Given data ::
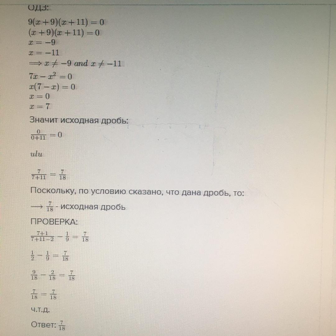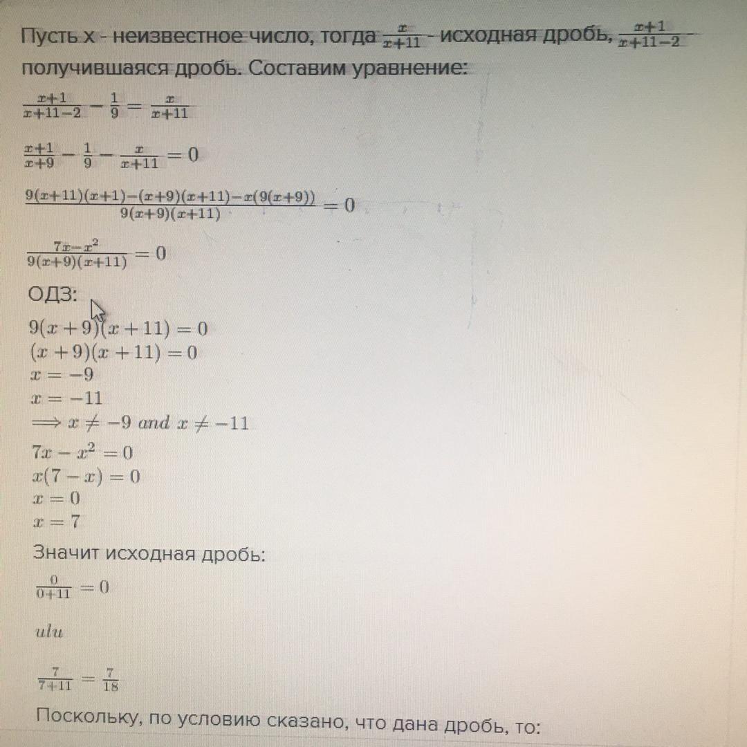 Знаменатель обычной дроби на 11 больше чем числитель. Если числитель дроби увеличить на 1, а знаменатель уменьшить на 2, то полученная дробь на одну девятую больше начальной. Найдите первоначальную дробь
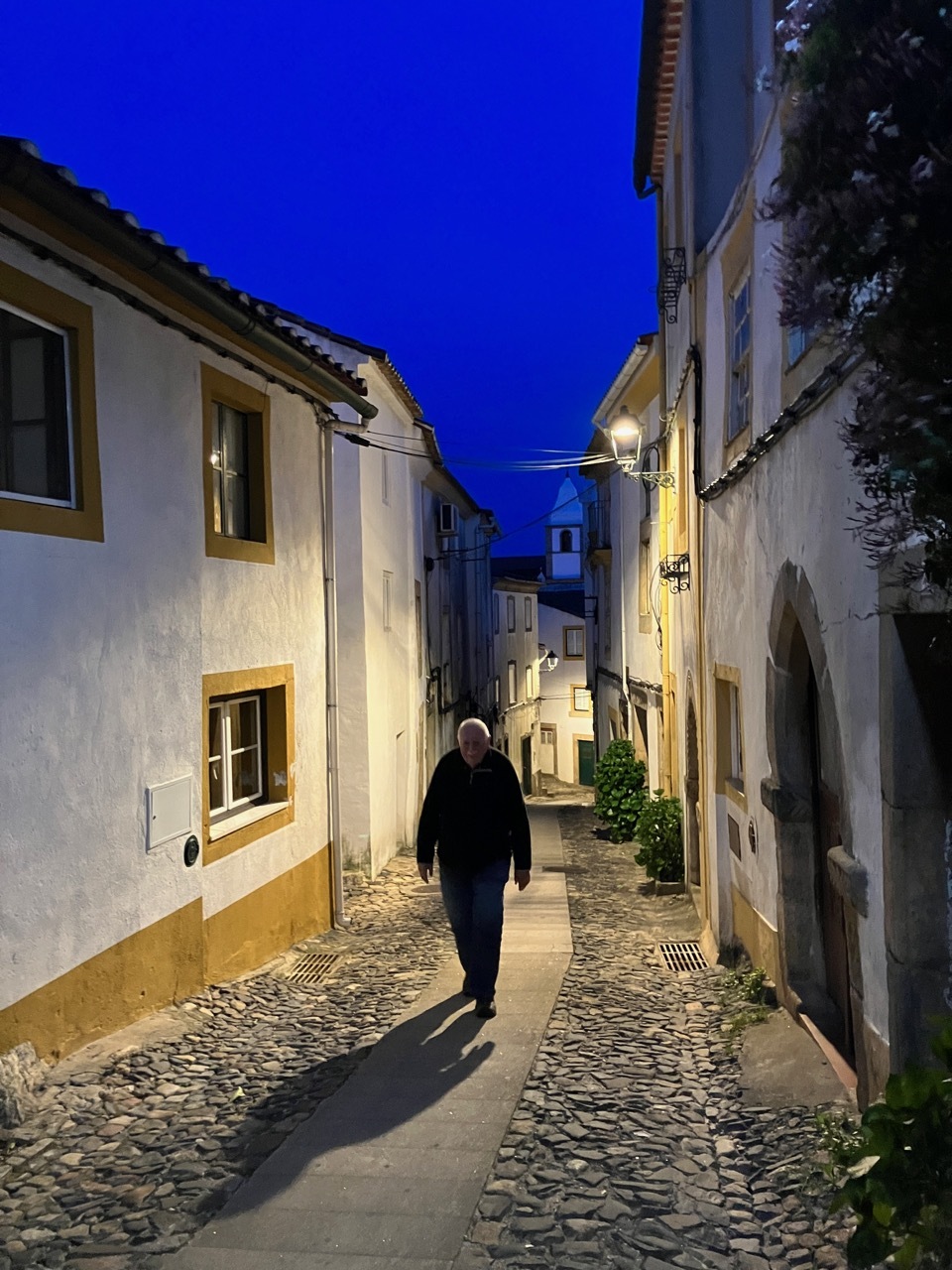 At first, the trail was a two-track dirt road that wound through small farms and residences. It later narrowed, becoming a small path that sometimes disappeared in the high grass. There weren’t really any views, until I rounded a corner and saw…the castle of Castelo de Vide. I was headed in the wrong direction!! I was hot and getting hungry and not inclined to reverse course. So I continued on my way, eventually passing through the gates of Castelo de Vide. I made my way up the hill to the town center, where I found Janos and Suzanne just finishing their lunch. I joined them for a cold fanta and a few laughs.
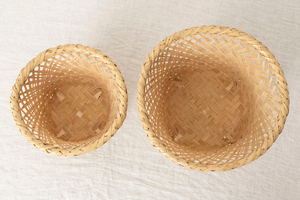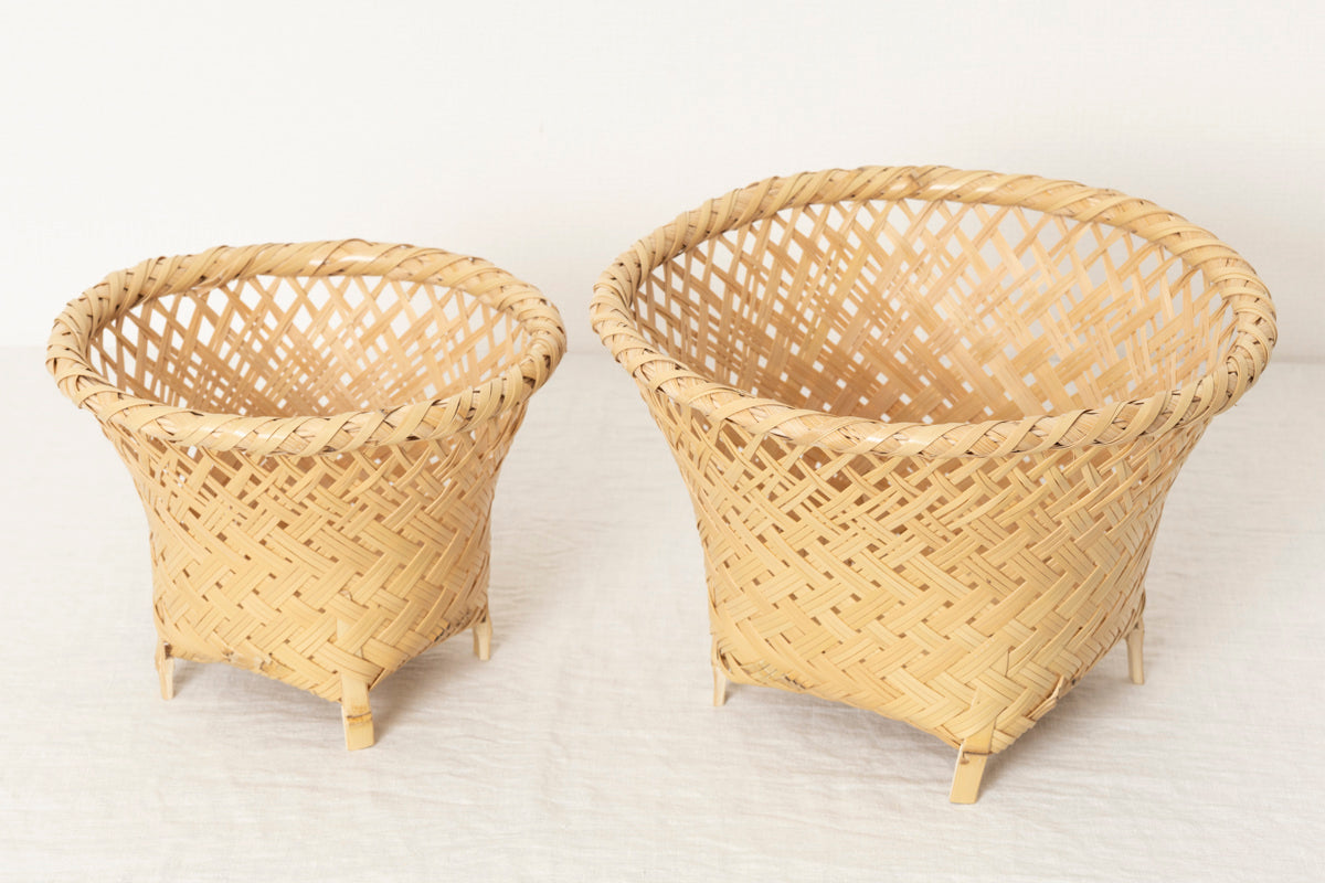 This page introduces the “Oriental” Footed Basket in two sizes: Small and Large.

Task item :: Everything in the material except the pictures should be output verbatim.

Output for this task ::
 Знаменатель обычной дроби на 11 больше чем числитель. Если числитель дроби увеличить на 1, а знаменатель уменьшить на 2, то полученная дробь на одну девятую больше начальной. Найдите первоначальную дробь
 At first, the trail was a two-track dirt road that wound through small farms and residences. It later narrowed, becoming a small path that sometimes disappeared in the high grass. There weren’t really any views, until I rounded a corner and saw…the castle of Castelo de Vide. I was headed in the wrong direction!! I was hot and getting hungry and not inclined to reverse course. So I continued on my way, eventually passing through the gates of Castelo de Vide. I made my way up the hill to the town center, where I found Janos and Suzanne just finishing their lunch. I joined them for a cold fanta and a few laughs.
 This page introduces the “Oriental” Footed Basket in two sizes: Small and Large.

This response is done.